As you can see EstimatedSalary mean = 5008.469733 and CreditScore mean=260.16760  - the order of values is 5008/260 = 16+ times different. It is not good for model. Let's bring to one order via StandartScaler

In [16]:
#create scaler
scaler = StandardScaler()
#fit and transform data
X_train_scaled = scaler.fit_transform(X_train)
#transform data based on previous fit process
X_test_scaled = scaler.transform(X_test)

#put transformed data for pretty print
d = pd.DataFrame(columns=X_train.columns, data=X_train_scaled).describe()
print('order of values', abs(d.loc['mean','EstimatedSalary']/ d.loc['mean','CreditScore']))

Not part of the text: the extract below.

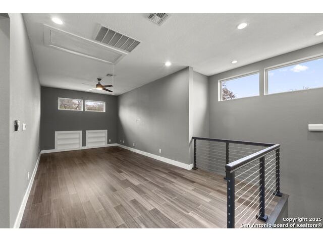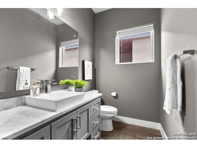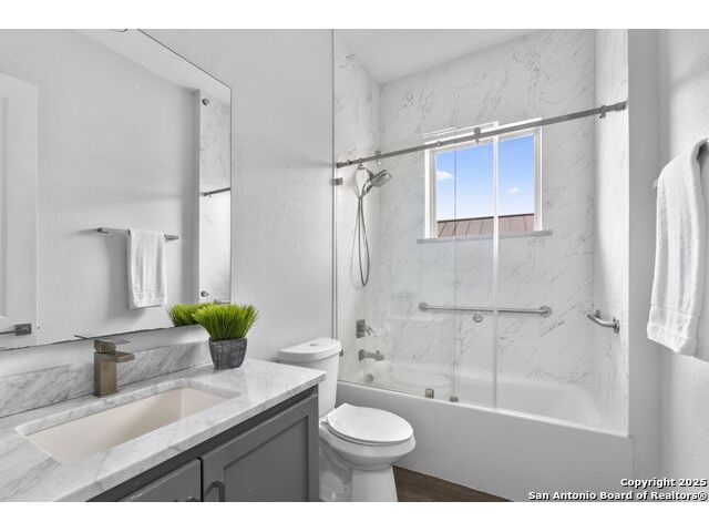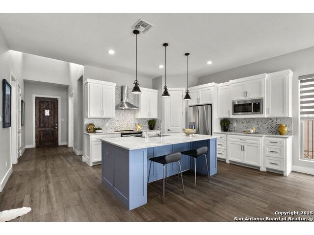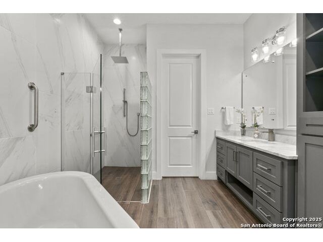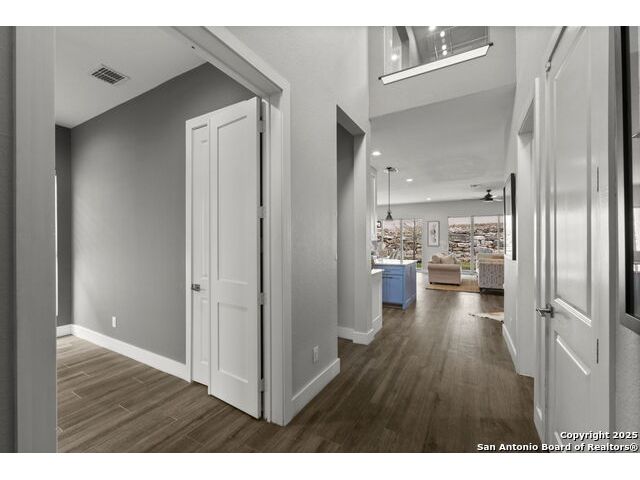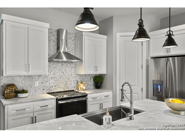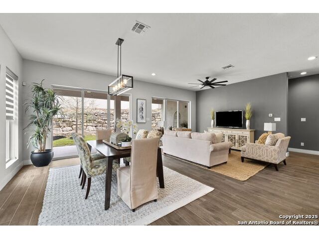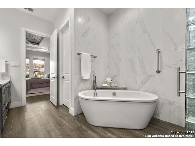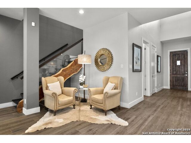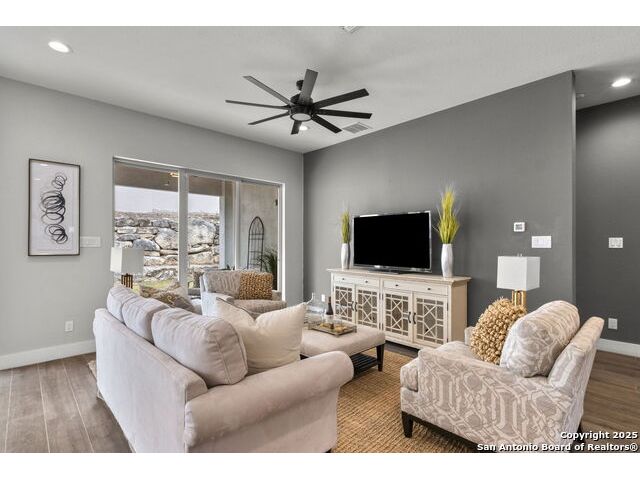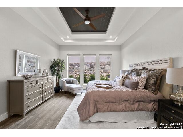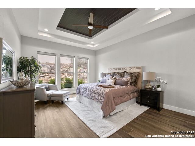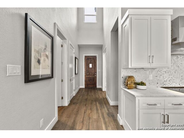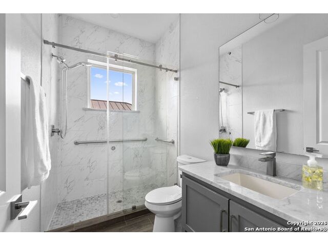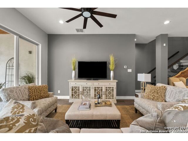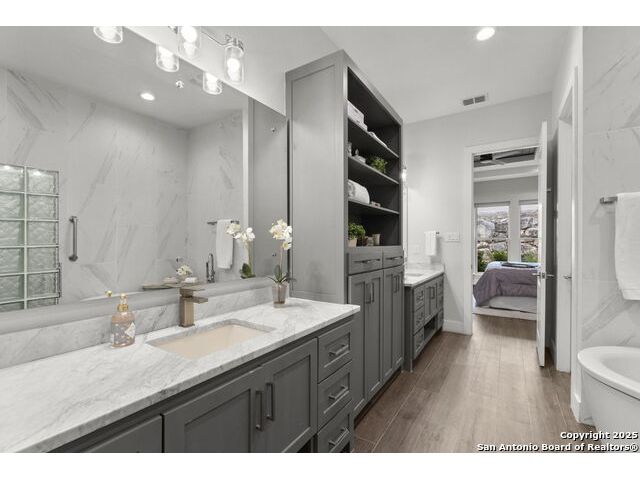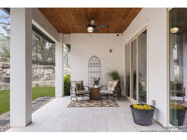 Stunning Luxury Home in the prestigious Dominion Golf and Country Club Community. Experience this stunning home located in the highly coveted Dominion neighborhood. Thoughtfully designed with 13-foot ceilings, rich hardwood floors, and hand-built cabinetry, this residence offers a perfect blend of sophistication and comfort. The primary bedroom is conveniently located on the main floor, providing a peaceful retreat. An additional office or fourth bedroom off the entry adds flexibility for work or guests. Upstairs, a spacious game room with two generously sized bedrooms, each with its private bathroom, ensure privacy and convenience. The heart of the home is the open-concept living and dining area, seamlessly flowing into a gourmet kitchen with custom cabinetry, gorgeous white marble countertops, and plenty of storage. A large covered patio extends your living space outdoors, perfect for entertaining or unwinding while enjoying the serenity of the gated Dominion community. Additional features include a metal and tile roof, water softener, high-speed internet, a large laundry room, and an epoxy-coated garage floor, all designed for modern luxury living. Located near world-class shopping, dining, golf courses, and top-rated schools, this home is a rare opportunity to own a piece of Dominion's finest living in San Antonio. House is ready to show. See showing instructions.

order of values 0.05368806754819181


Now the scale order of values is same, lets check result on our model. For now we will used hyper parmeters from previous grid trainig.
<br> Best Params:  {'n_estimators': 101, 'min_samples_split': 20, 'min_samples_leaf': 2, 'max_depth': 18}

In [17]:
#create model with parameters vased on previous training result
rand_Forest = RandomForestClassifier(bootstrap=True, class_weight=None, criterion='gini',
                       max_depth=18, max_features='auto', max_leaf_nodes=None,
                       min_impurity_decrease=0.0, min_impurity_split=None,
                       min_samples_leaf=2, min_samples_split=20,
                       min_weight_fraction_leaf=0.0, n_estimators=101,
                       n_jobs=None, oob_score=False, random_state=12345,
                       verbose=0, warm_start=False)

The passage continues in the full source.